[[ Source data, beginning ]]

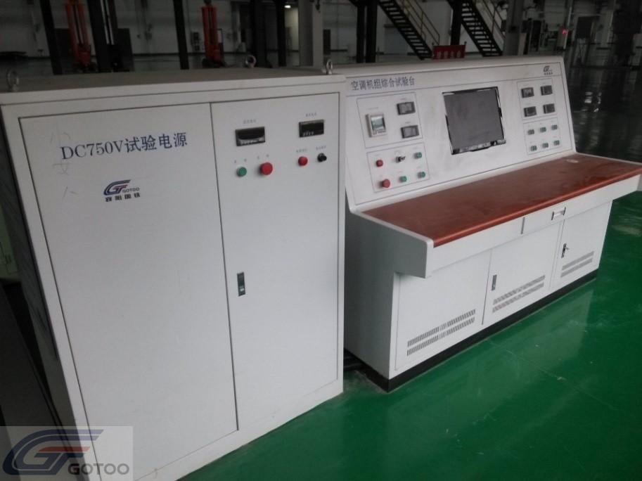 The test device consists of an air conditioning unit test bench, electrical measurement and control cabinets and electrical connection lines, including: temperature sensor, electrical parameter measuring instrument, wind speed tester, phase sequence protector, AC contact, overheat protector, air switch, operation Buttons, controllers, electrical connectors, cables and cabinets, air heaters, and computer test systems.
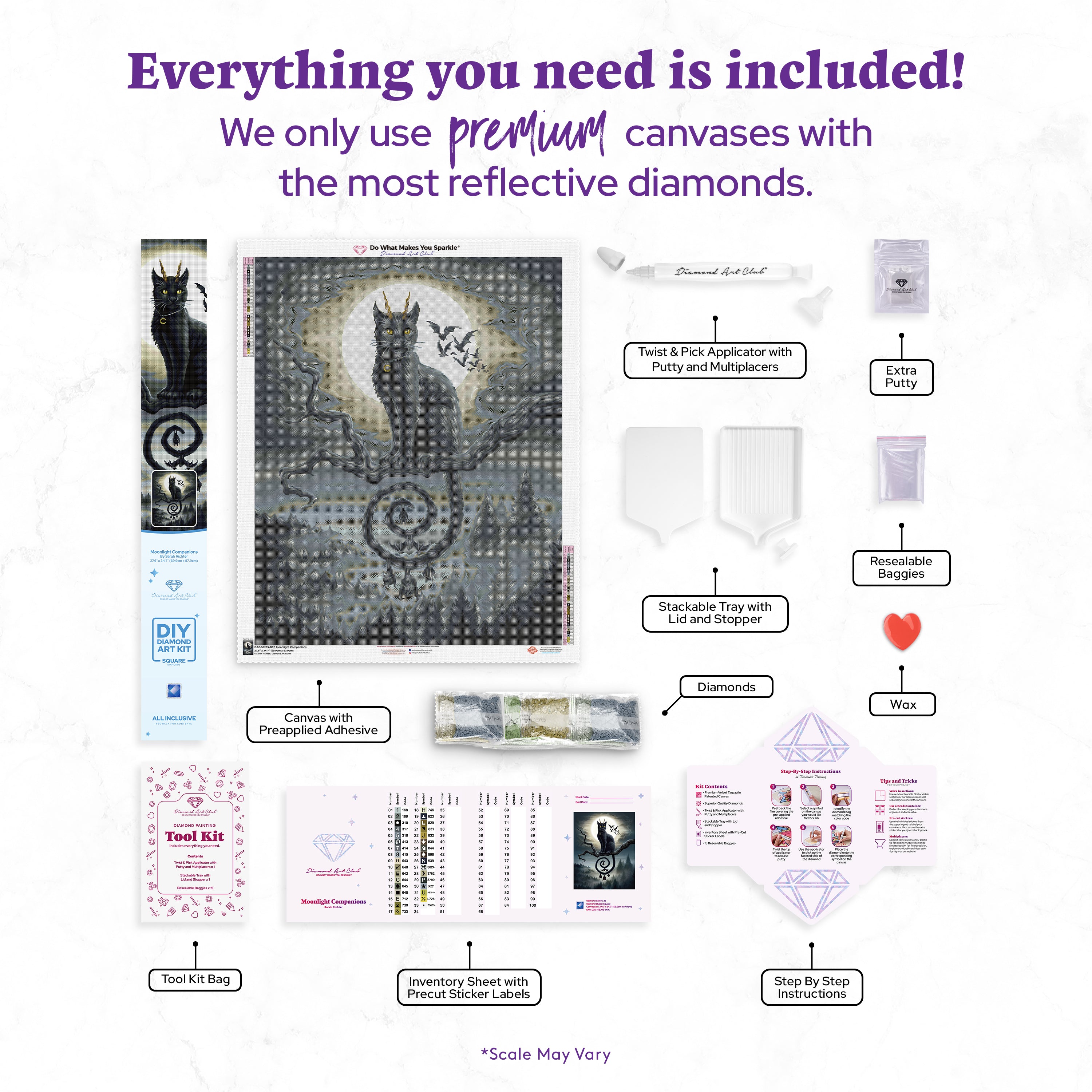 Canvas x 1, Diamonds, Tray x 1, Applicator + Grip x 1, Wax x 2, Tweezers x 1
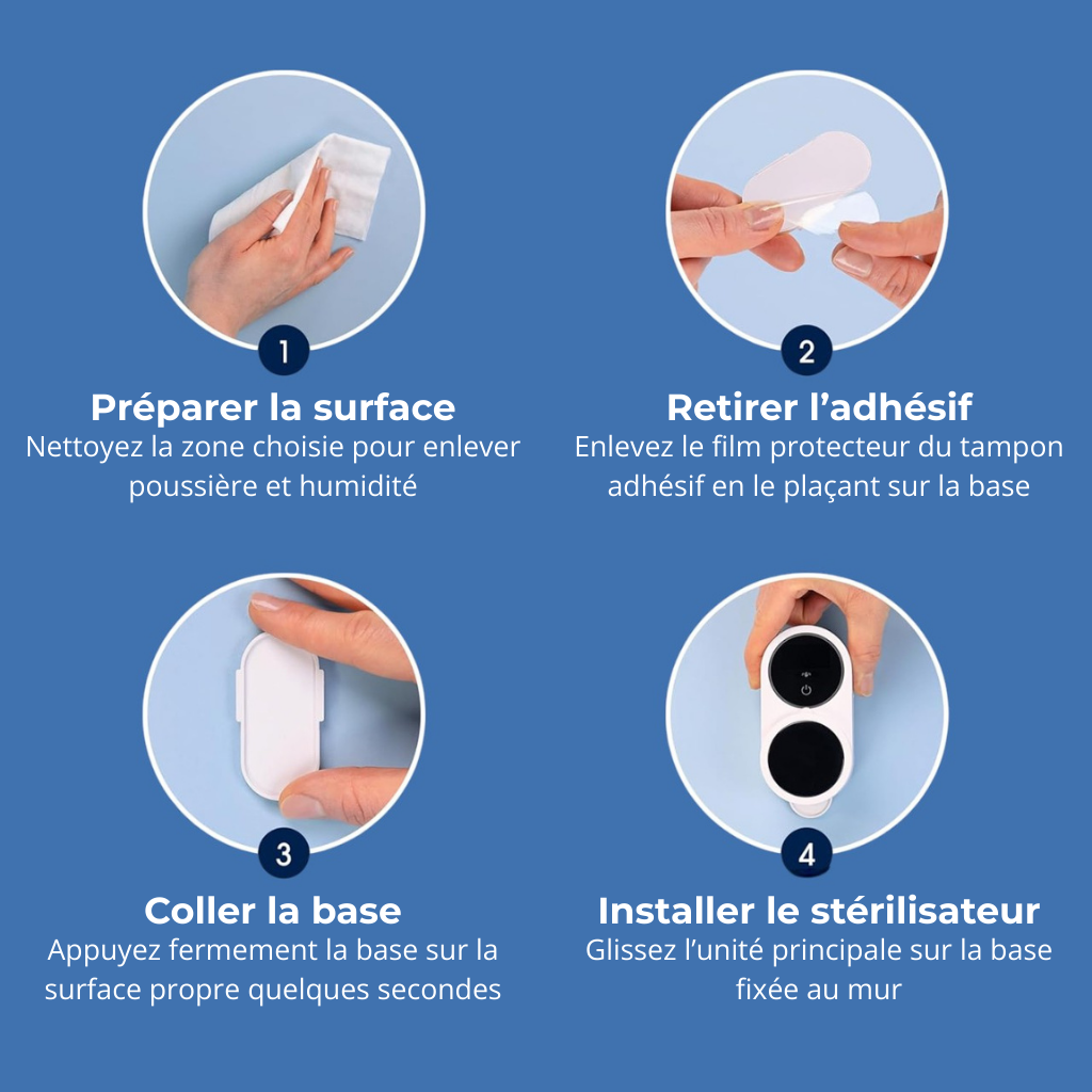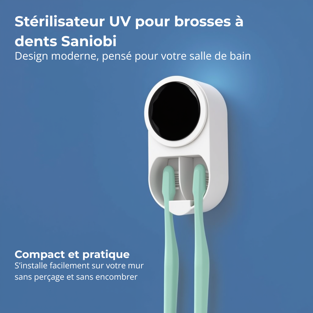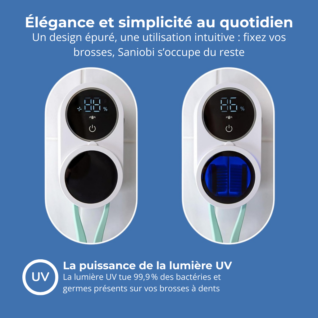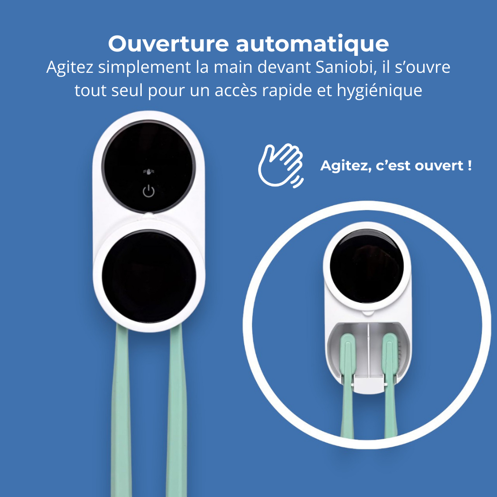 Fini les brosses sales, les bactéries et les mauvaises odeurs. Fixé au mur, élégant et discret, Saniobi s’intègre parfaitement à votre salle de bain. Pas de perçage, pas de bouton compliqué : il fonctionne automatiquement pour stériliser vos brosses à dents pendant que vous vous préparez.
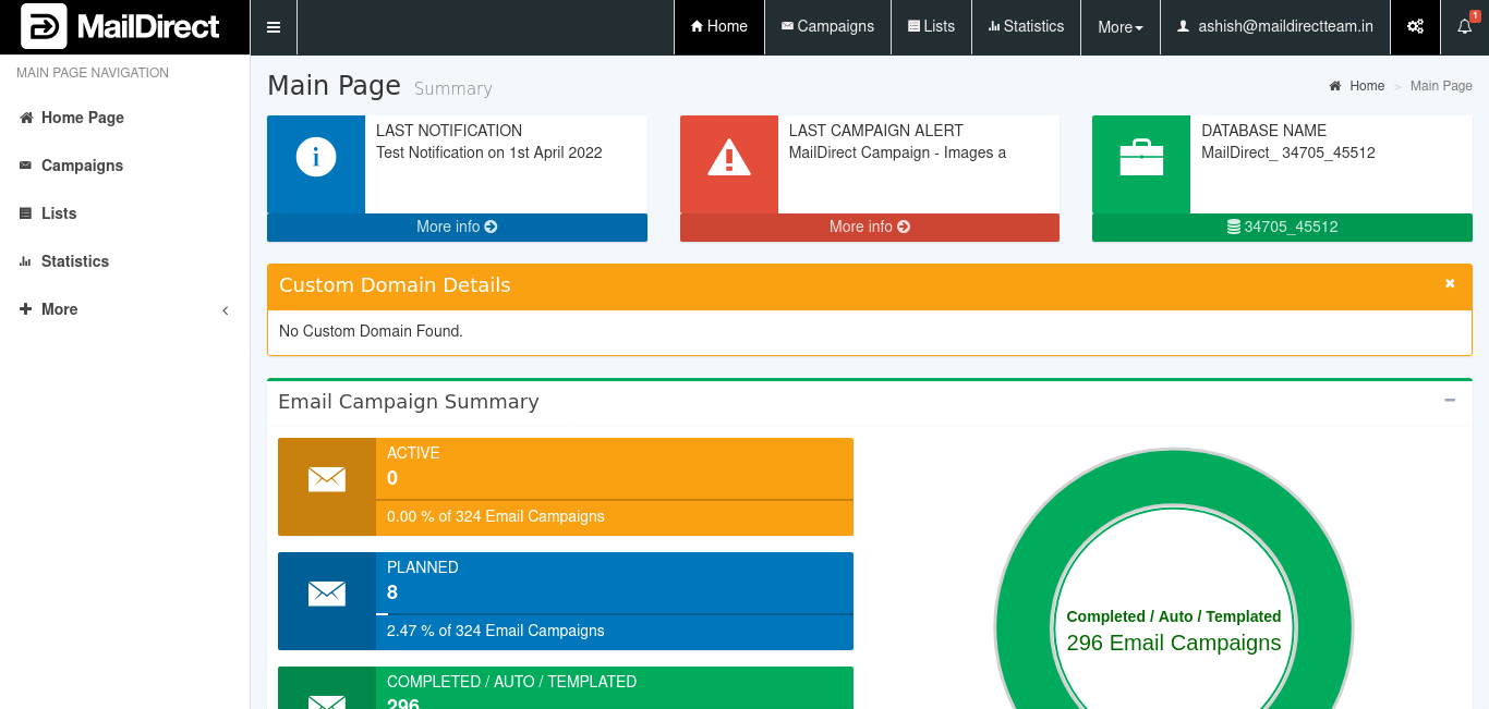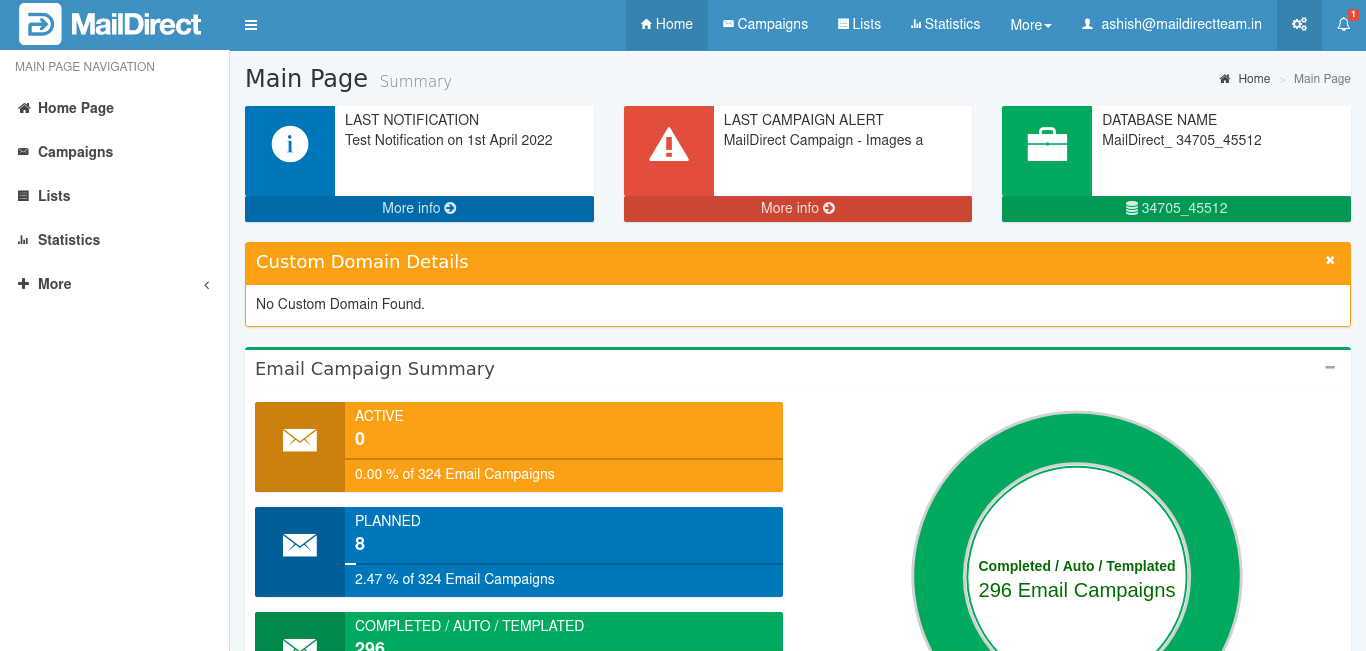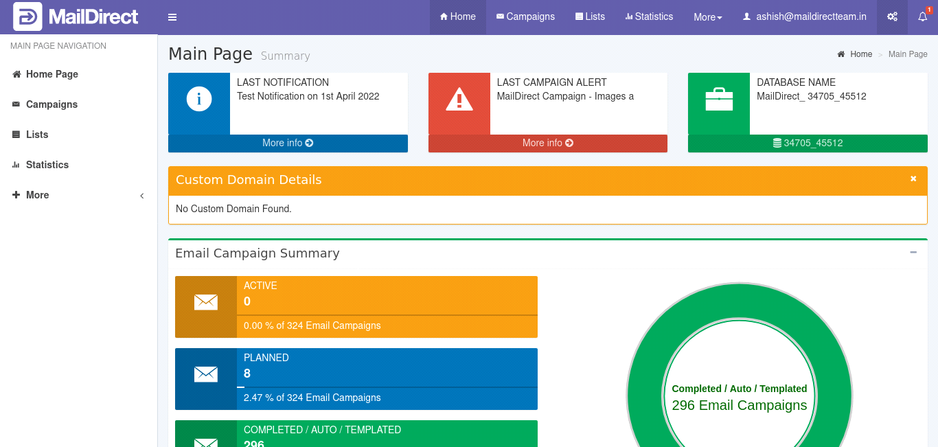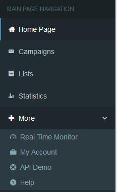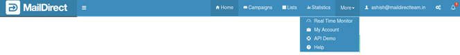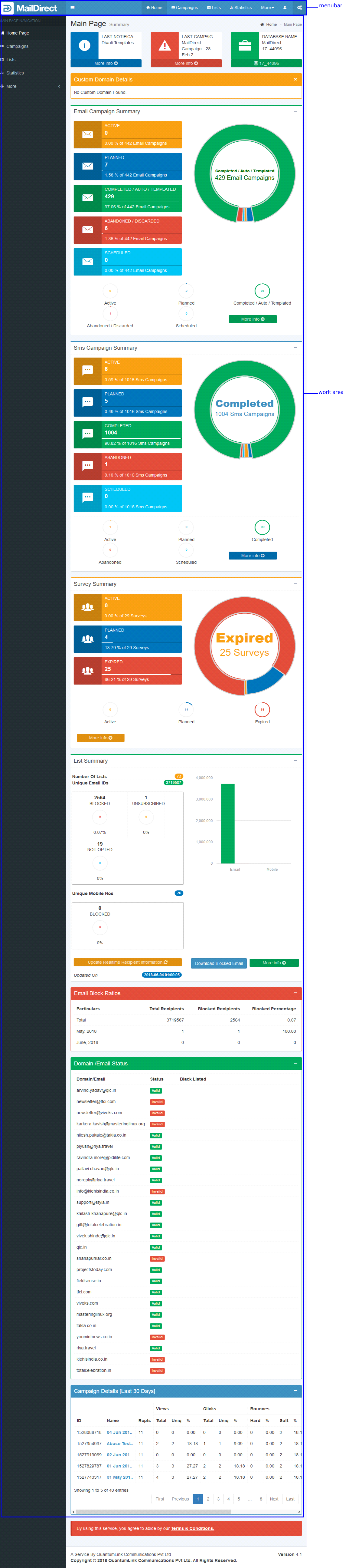 MailDirect is a browser independent service. The user interface consists of a menu and the area below the menu, organized according to the options selected from the menu.

[[ Source data, end ]]

Work required:
What is needed is a verbatim copy of the lines from the line with "Fini les brosses" through the last line of the listing, pictures excluded.

Task output:
 Fini les brosses sales, les bactéries et les mauvaises odeurs. Fixé au mur, élégant et discret, Saniobi s’intègre parfaitement à votre salle de bain. Pas de perçage, pas de bouton compliqué : il fonctionne automatiquement pour stériliser vos brosses à dents pendant que vous vous préparez.
 MailDirect is a browser independent service. The user interface consists of a menu and the area below the menu, organized according to the options selected from the menu.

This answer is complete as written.